Orion and the Dark is another win for Netflix’s Original animated movies. With a brilliant script boldly constructed as one part bedtime story and one part coping mechanisms for anxiety disorders, the film feels present with our modern society and in touch with the emotions of a more sensitive culture. Inside Out 2 looks like it will address anxiety as a follow-up to its fresh take on the feelings of dramatic change back in 2015, but don’t let this film get past you right now. Charlie Kaufman and first-time feature film director Sean Charmatz combine to make an entertaining ride that should be shown in schools.
Honorable Mentions / Writer’s Note
Though it did air on Netflix on January 4th, Society of the Snow was not included in this list. While it is tough to remove any movie that would have been most likely in the #1 spot, the film had a brief theatrical run in late 2023 and was given multiple nominations at the most recent Oscars that celebrated the films of last year.

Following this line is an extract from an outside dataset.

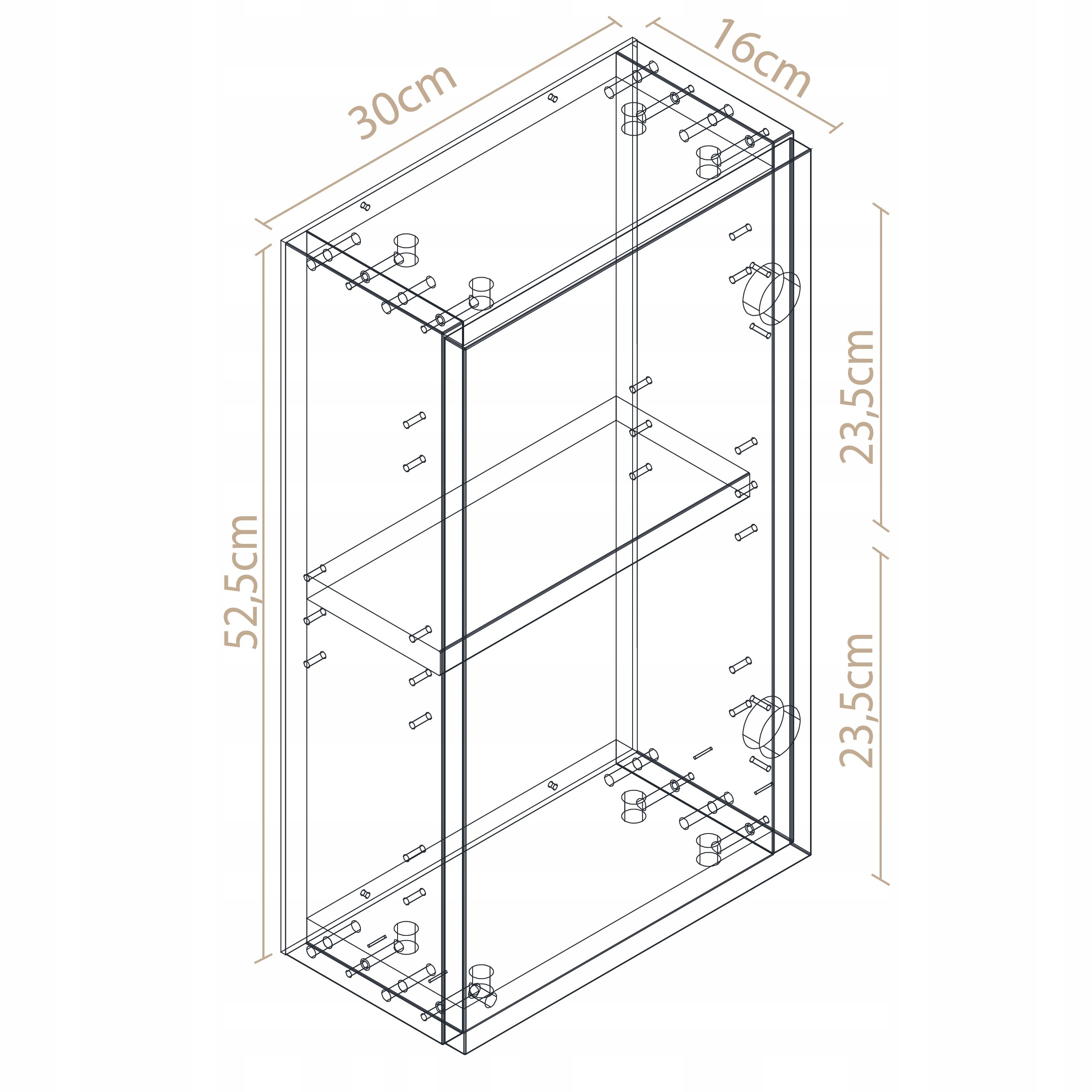 📏 Kompaktowy rozmiar 52,5 × 30 cm sprawia, że szafka idealnie sprawdzi się w małych łazienkach lub wąskich przestrzeniach.

However, with all that said, seek out the film if you have not already. Society of the Snow improves on a familiar story with its impressive level of detail, humanity, and disaster film theatrics. With standout cinematography, score, and special effects, director J.A. Bayona created his most effective and emotionally evocative film to date, which deserved its recognition this past awards season.
What’s been your favorite new Netflix Original movie of 2024 so far?